Para 43. The ground on which the validity of the said provisions is challenged is that under the provisions of the earlier Act as amended by the 1984 Act solatium is payable at the rate of 30% under Section 23 (2) as amended and interest at the rate of 9% and 15% under Section 28 as amended, while under the earlier Act as modified by the Adhiniyam solatium is payable at a lower rate of 15% and interest at a lower rate of 6% and this amounts to denial of right to equality and is violative of the provisions of Article 14 of the Constitution, in view of the constructions placed by us on the provisions of the Adhiniyam relating to acquisition of land for the purposes of the Adhiniyam, these writ petitions do not survive and they are, therefore, dismissed.
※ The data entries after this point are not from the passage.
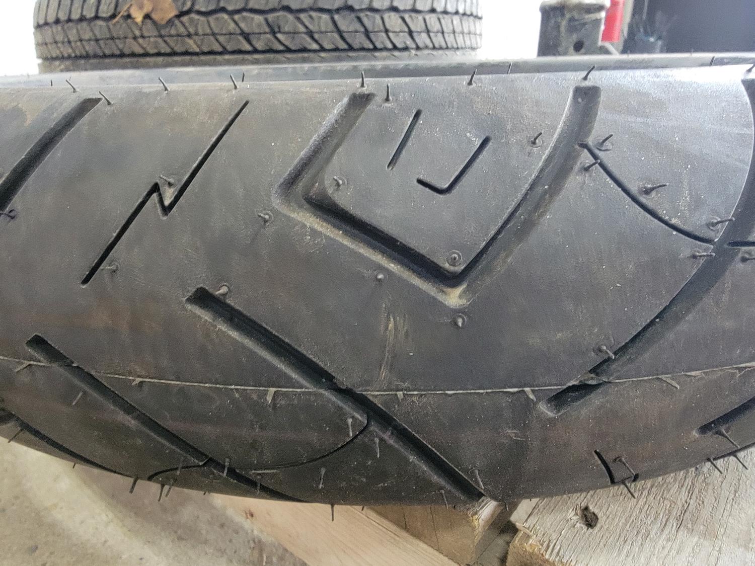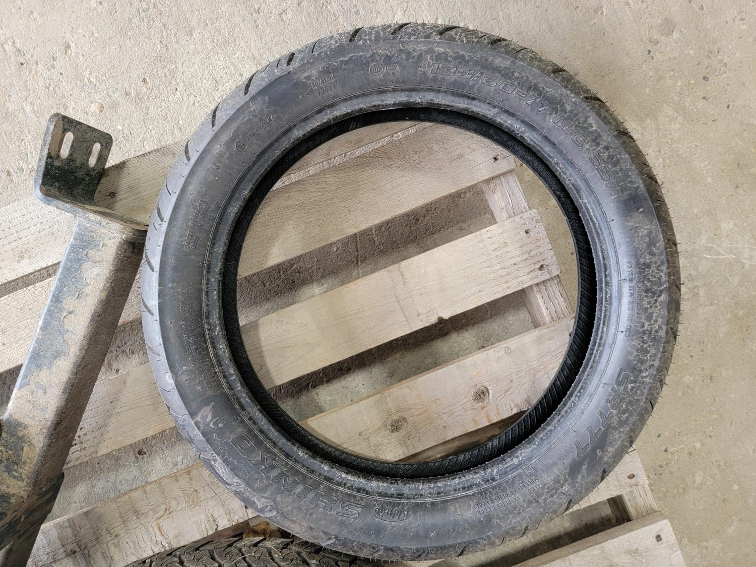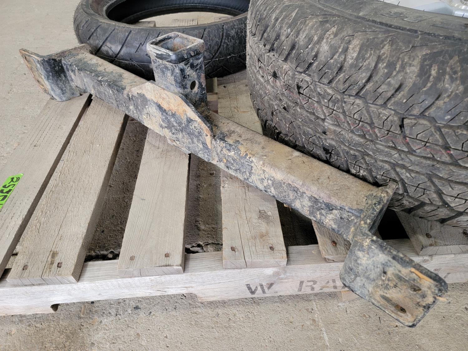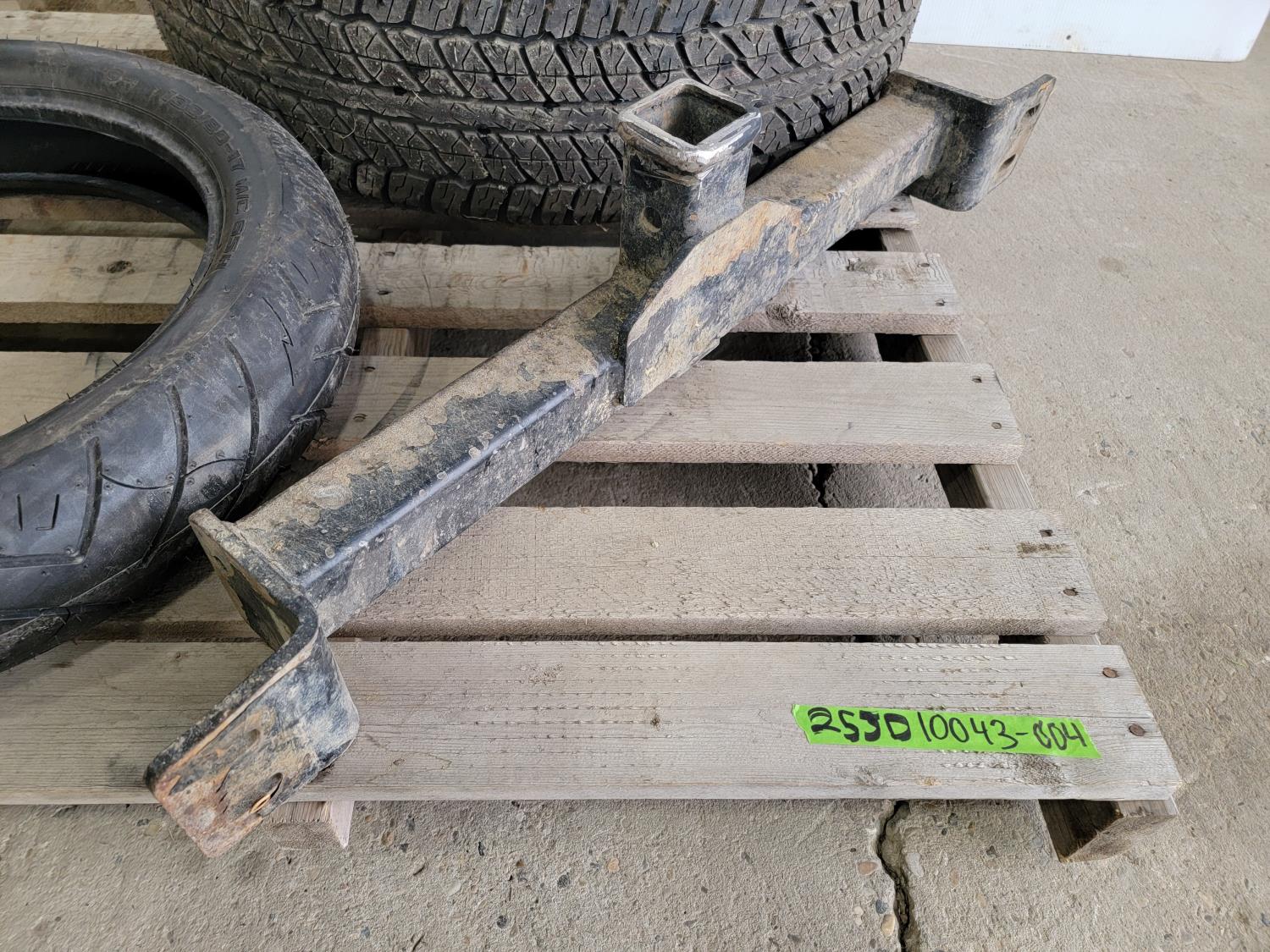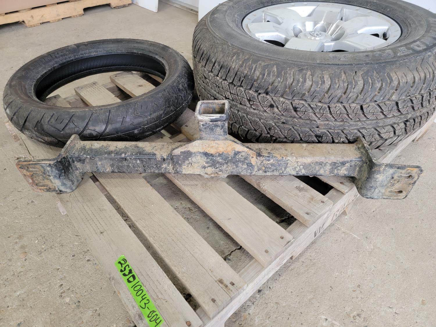 1173 (1) Shinko SR777 130/80-17 Motorcycle Tire, (1) Dunlop 265/70R17 Tire On 6 Bolt Rim and Front Mount Trailer Hitch Receiver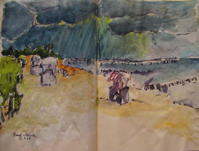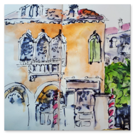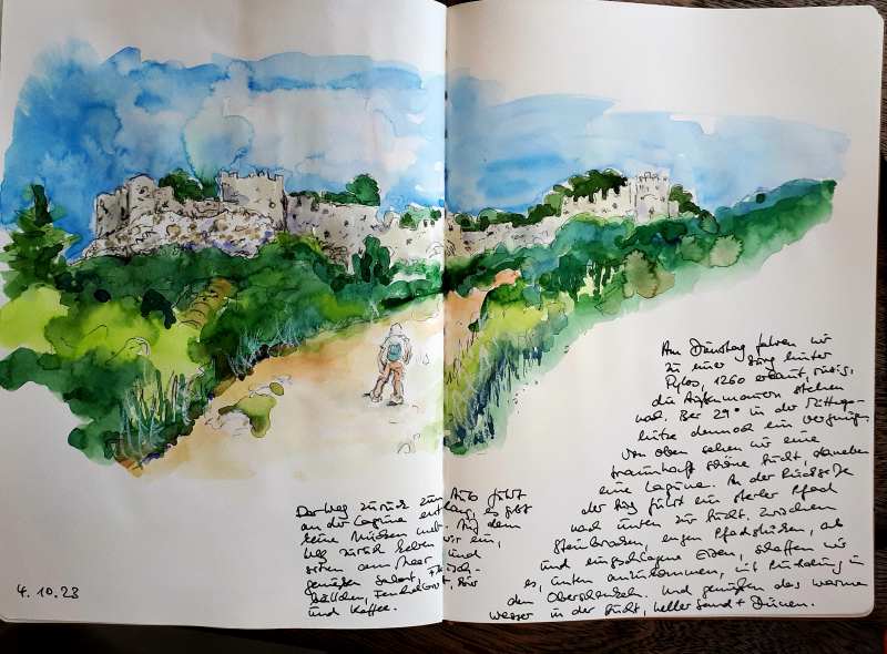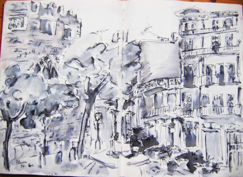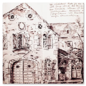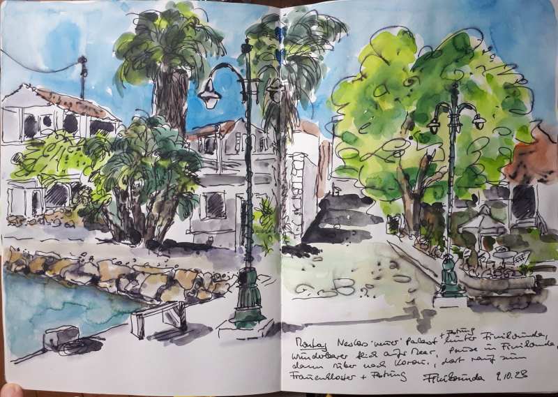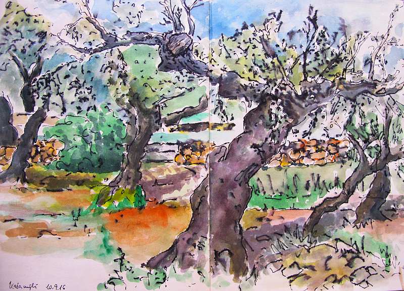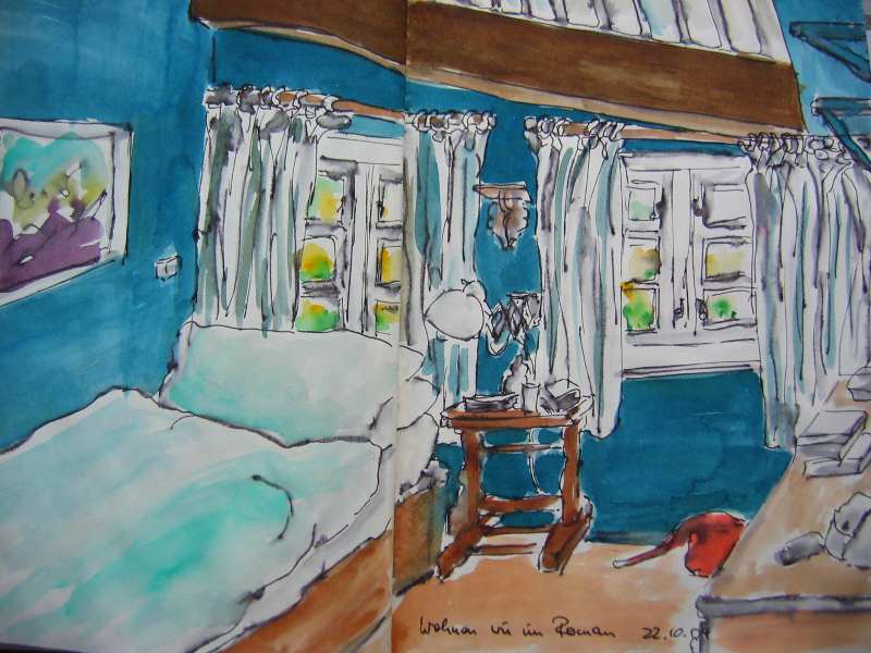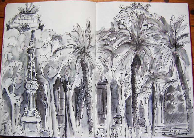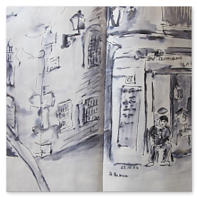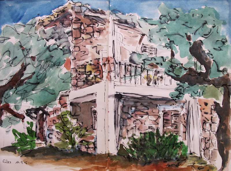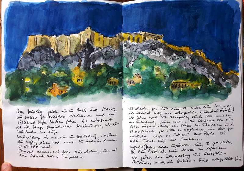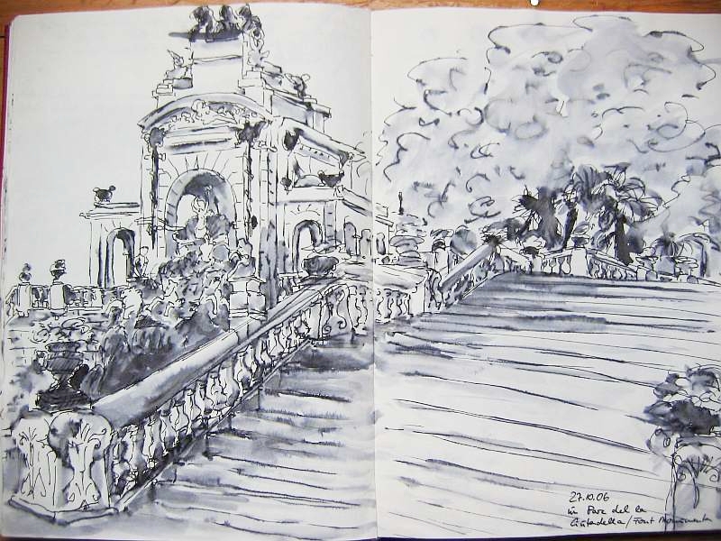 Viele meiner Skizzen sind auf Reisen entstanden: in verschiedenen Städten wie Venedig, Barcelona, Florenz, Athen, in Frankreich, in Griechenland, am Lago Maggiore, am Gardasee, an der Nordsee, an der Ostsee. Es sind intensive Erinnerungen an die Situationen, in denen ich dasaß und die Eindrücke im Skizzenbuch festhielt. Hier eine kleine Auswahl: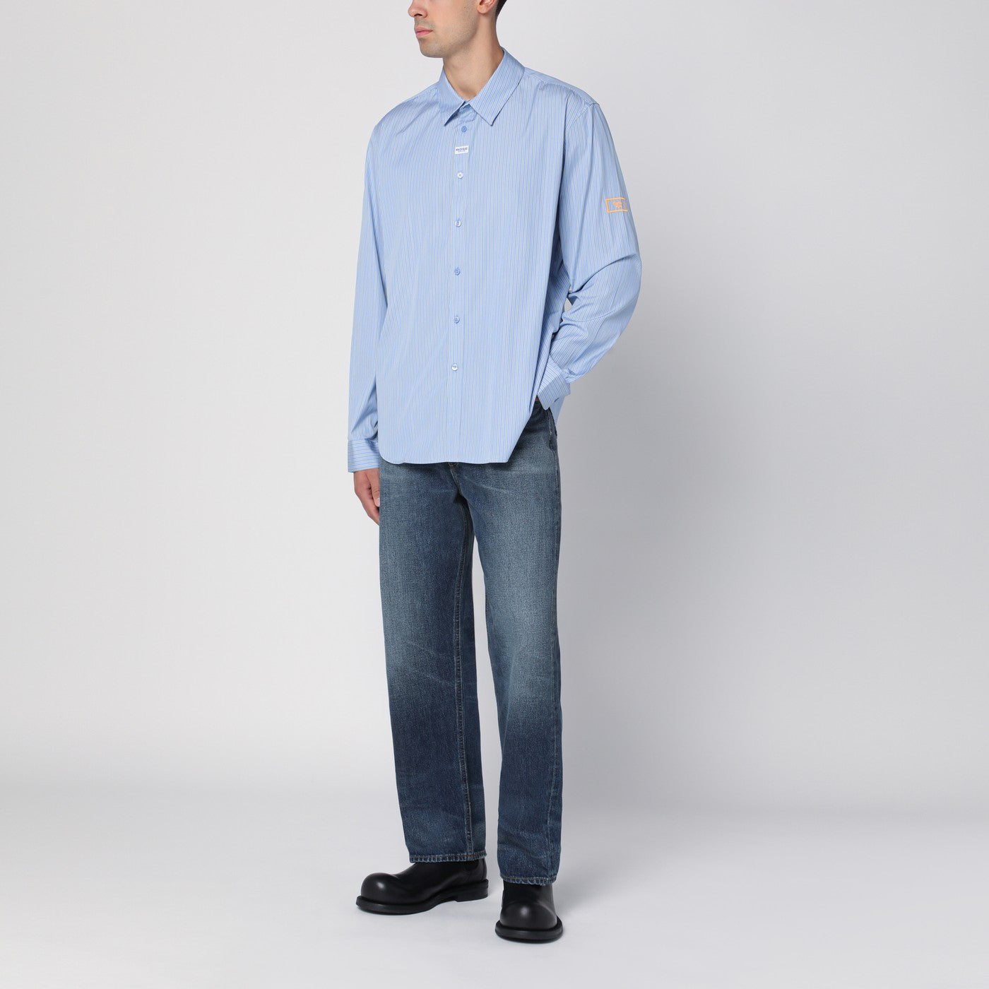 Camicia di cotone a strisce azzurra di Martine Rose, dispone di un classico colletto, maniche lunghe con polsini a bottoni e ricami logo di lettere contrastanti, placca a bottone anteriore con patch logo e orlo dritto.

No costs.'.
86. In Shri Vijay Cotton and Oil Mills v. State of Gujarat, 1991 (1) WCC262, it has already been laid down that award of interest is obligatory and consequential and therefore it can be claimed even in the appeals filed by the State and it is not necessary to file a separate appeal or cross-objection.
87. In view of the aforesaid legal position, all the land owners are entitled to solatium @ 30%. Similarly, they are also entitled to interest @ 15% for one year and 9% for the subsequent years.
88. Therefore, the appeals filed by the Parishad succeed. The cross-appeal, cross-objections and the applications of respective land owners fail in so far as claim of further enhanced compensation is concerned but succeed to the extent as directed above in so far as payment of solatium and interest are concerned.
89. All the appeals, the cross-appeal, the cross-objections and the applications stand finally disposed of with the aforesaid directions while the First Appeal No, 211 of 1996 is delinked for the reasons mentioned in the body of the judgment.
90. The parties will bear theirown costs.